Chance meeting on a dissecting table of a sewing machine and an umbrella, that says it all really. That line is in fact the response Lautreamont gave when asked what is surrealism (although this is disputed by other sources). Nurse with wounds first album was the very definition of unique. They had no peers then, and in over twenty-five years since it’s release none really have emerged. Recorded in one day at a recording studio in soho, the utterly bizarre chance meeting is a masterstroke of indescribable sounds and ideas. This IS surrealist music, just like surrealist art or poetry the music contains recognisable elements organised in odd an unexpected ways. But this way too superficial to describe this music.

It’s a collage of seemingly unmusical elements put together in a musical form, and it’s frankly quite mad. And that’s really the best I can do to describe the style.
The songs themselves are in fact rather good and engaging for a group of non-musicians. The highlight for me being the half hour epic, Blank Capsules of Embroidered Cellophane. Random guitar abuse, eerie piano, a multitude of percussion and effects, a French woman reciting something, some Casio sounds. It’s goes on and on. It’s soundscape like, and at times cinematic.
Two mock projections has more of a foreboding feel to it, with some deep synth chords providing a backdrop. The six buttons of sex appeal, is the oddest of the tracks, being for the most part a load of scraping and tapping with very abstract sounding percussion, over this mass of noise a guy moans and screams in a very hysterical manner. But it fits with the rest of the album and is as with the whole crazy thing, highly engaging.
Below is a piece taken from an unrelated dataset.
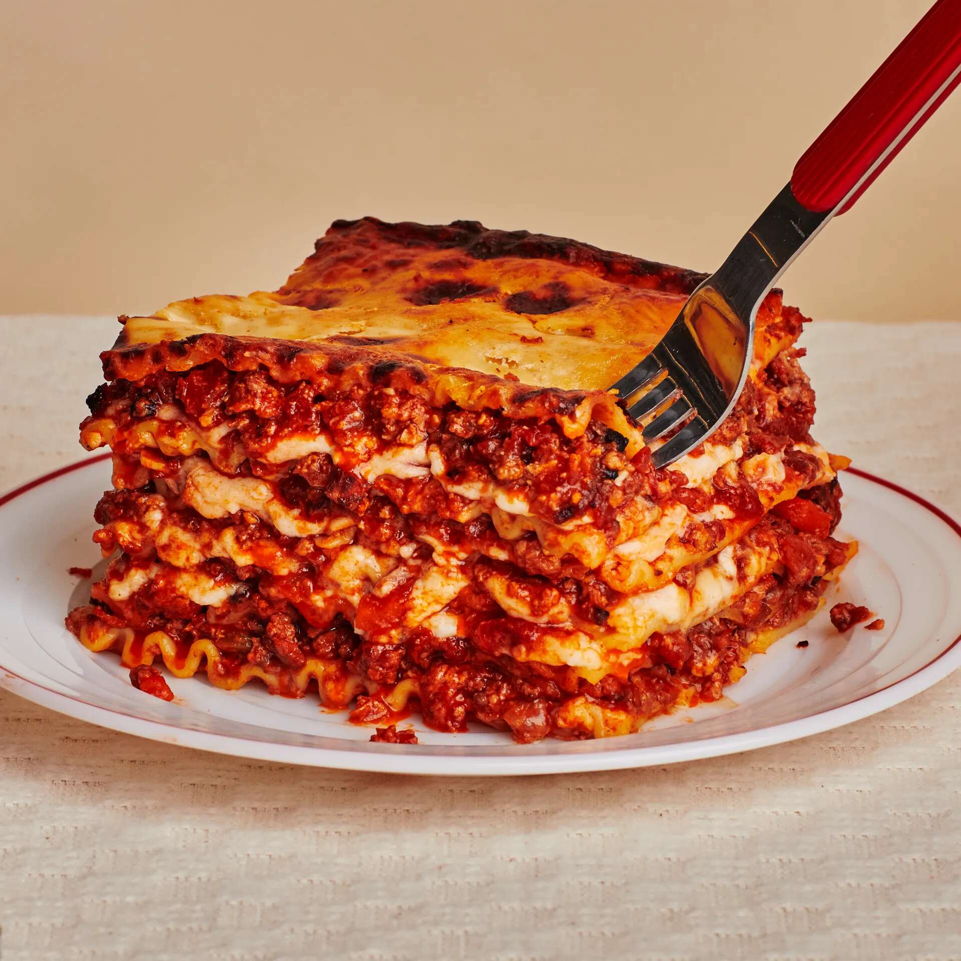 Our top-tier classic lasagna recipe boasts a meaty beef and pork ragù and a creamy, Parmesan-laced bechamel. This is comfort food at its finest.

There isn’t the large spaces of silence and drone that the later albums would use and a general use of atonal noise is very prominent, which isn‘t surprising since none of the three characters involved in creating the album could play an instrument to any sort of standard. The classic Dada/fetish cover which gained the album attention when it was first released all adds to the mystique of this release. And with the infamous nurse list citing all their obscure, avant-garde (and some made up) influences they had collectors and journalists scratching their heads for years to come. An off the wall album then that require no little time and thought to truly realise, and to be honest you’ll either get it or you wont.